Open Letter in Need of Revision

I sent a version of this letter to my representative.  I’m working on cleaning it up and cutting it down.

Dear Representative Who Will Not Be Named,

Thank you for your reply to my concerns.  I continue to feel that present attempts to reform education are misguided, and I hope when you are given the opportunity to vote on issues related to it, you will consider the strong and valid arguments of rising grassroots opposition to these policies.

The goal of educating children to be college and career ready is unassailable, but that is an aphoristic goal not a specific methodology.  I don’t believe the methodology dictated by RTTT and NCLB is the appropriate one.  The standards it institutionalizes are questionable in several regards, and the testing it requires are costly and intrusive. Their high stake  encourages extensive test preparation, particularly in low income schools where test scores are most likely to impact communities.  It encourages complete non standardization of instructional setting and use of tax dollars by embracing charters over public school entities and teacher temps over teaching as a viable profession and middle class career path.

While there is much to commend CCSS, it has some specific areas of weakness that make it a flawed choice for standardization.  As example, it is somewhat literal in its attempt to infuse rigor in the curriculum. For one thing, it is age inappropriate in the early grades.   It may impress some less savvy parents to have their 6 year old using words like ziggurat; however is it important to learn about Mesopotamia at the age of 6, or would learning about the world around them be a more productive and relevant use of their time?

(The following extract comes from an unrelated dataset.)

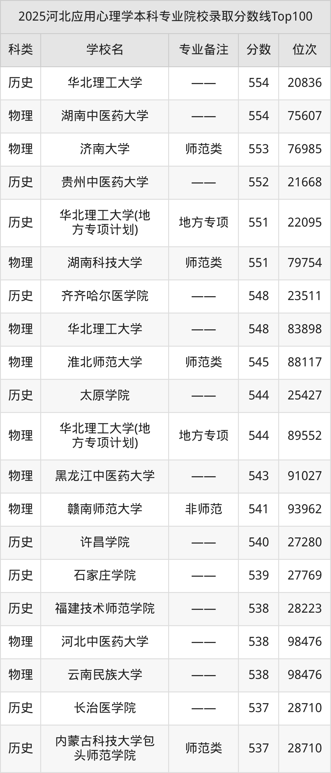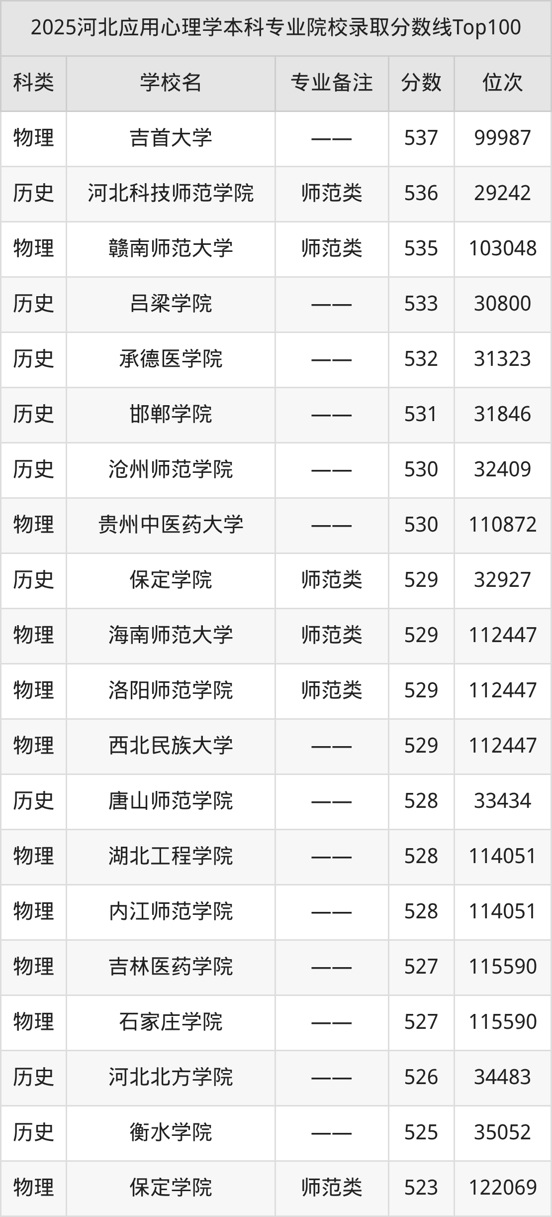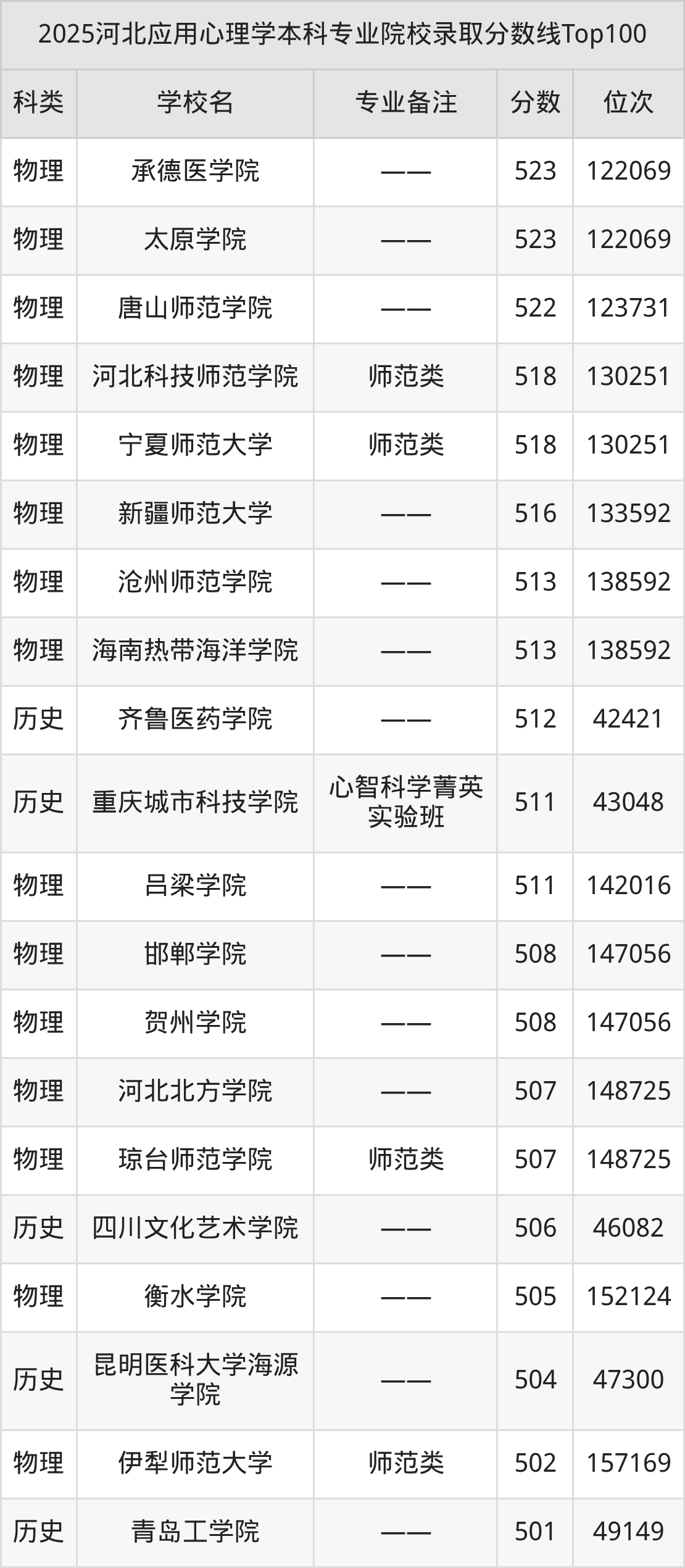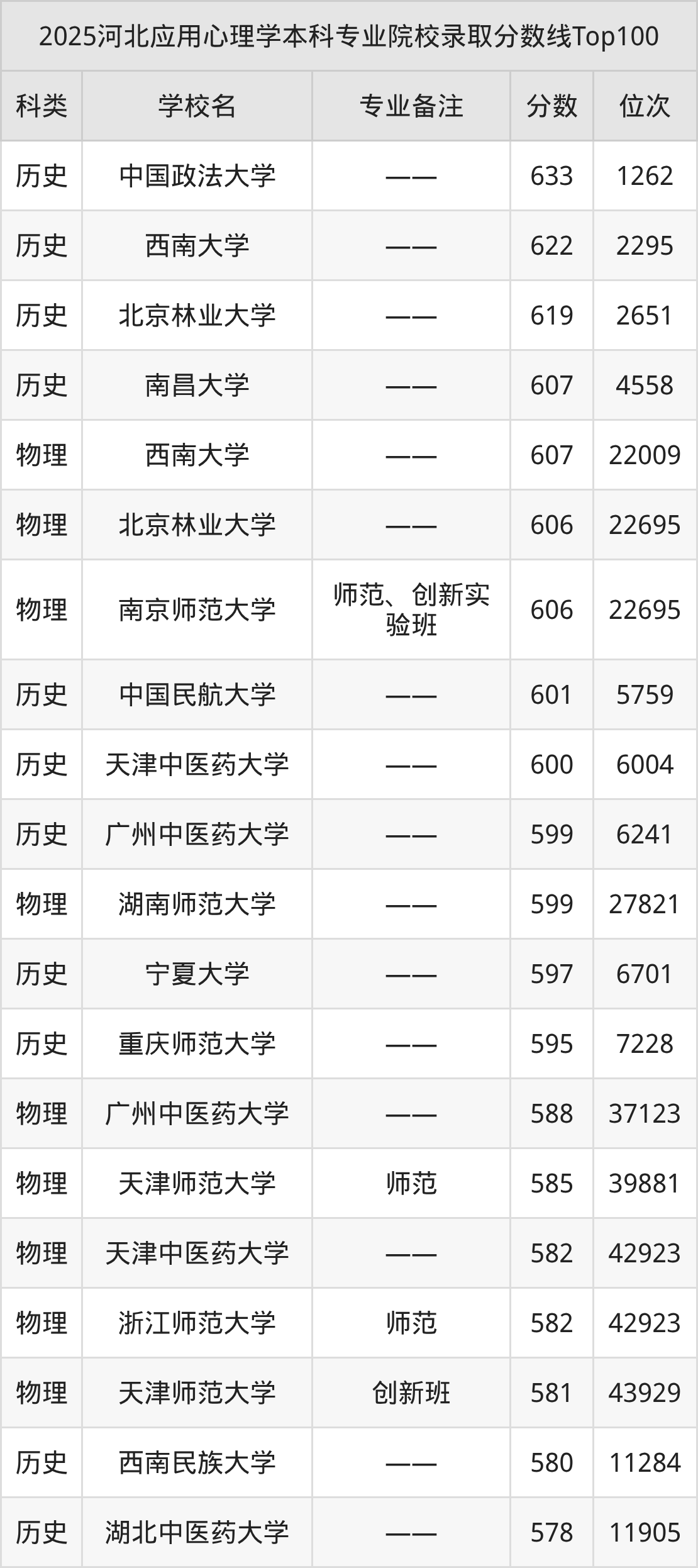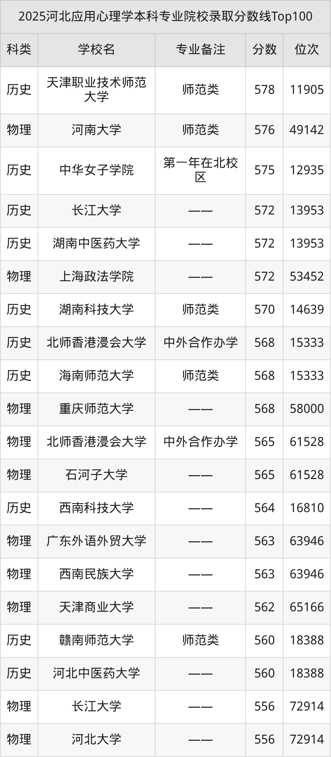 2025年河北应用心理学分数线排名前5的大学名单(本科最难报考):

Does CCSS promote higher standards in this case or just sooner ones?

Also, the emphasis of non fiction over fiction in the CCSS standards is problematic. While advocates rush in (after the fact) to suggest that this focus is meant to include texts read in all subject areas, realistically, the only test that evaluates CCSS literacy is the ELA. Therefore, intentionally or not, non fiction gets preferential status in ELA instruction. Certainly, the appropriate response would not be to increase the number of tests, so CCSS literacy standards translates into private school educated children being exposed to the great literature and thinkers that inform our world and CCSS trained children getting extensive exposure to “deep reading” of the same several articles over and over and fewer and fewer pieces of great literature.

Consider also the contradictions.  While federal and state policies embrace complete standardization of instruction, they concurrently embrace complete non standardization of instructional setting and internal school policy, not to mention little regulation on the use of taxpayer dollars. A for-profit charter offers to educate children more cheaply than a public school in exchange to access to the dollars not spent on the children in the state.  Why is that in the interests of the taxpayer? We have no interest in the enrichment of individual. It does not enrich our children.  In fact, if anything, taxpayers have an interest in the ability of their neighbors to purchase homes and buy goods.  We derive benefit when our tax dollars are used to support our communities and spread into the pockets of teachers, administrators, pupil personnel, buildings and grounds, not concentrated in the hands of a few people at the top.

Non profit charters are no better.   Leaving aside for the moment the decidedly not non-profit salaries that their CEOs can command, an educated citizen should be against the use of non profit charters to covertly filter children.  While these schools tout their demographic as identical, in fact, they can filter easily through parental support (KIPP) and through attrition rates, so that the schools that remain public in our inner cities become dumping grounds for the rejected and the removed.  I understand (better than many) the need for classrooms to be filled with students who are ready to learn, but this policy preferences supported children over less supported ones and is an explicit form of abandonment.  Surely, there is a better way to address the education of high needs children than to move them around like dirt on the floor from one underfunded public school slated for take over to another? A free public education available to all at the point of delivery is a pillar of democracy. I do not see that this policy supports either.

Finally, as an educator myself, I object to the uses of “reform” to first abandon and then arbitrarily close schools, lay off career teachers and use TFA style temporary teachers to rotate in and out.  This horrific policy undermines an entire middle class career path. Who in their right mind would suggest education as a potential direction for their children when we can look today in states all over this country and see people forced out of work mid career and replaced by 23 year olds who have no experience, little training and no real interest in remaining in the classroom?  Where do we expect college and career ready children to go if we are removing career paths that contribute to continued existence of a thriving middle class? What trust do we expect them to have in a system that institutionalizes such blatant and cynical abuse of power?

The contradictory nature of these reforms should be of issue to any public servant who wishes to leave their communities in at least as good a condition as they found them. I will be watching the positions and voting record of my representatives on this issue and casting my own vote accordingly.

Thank you again for taking the time to respond.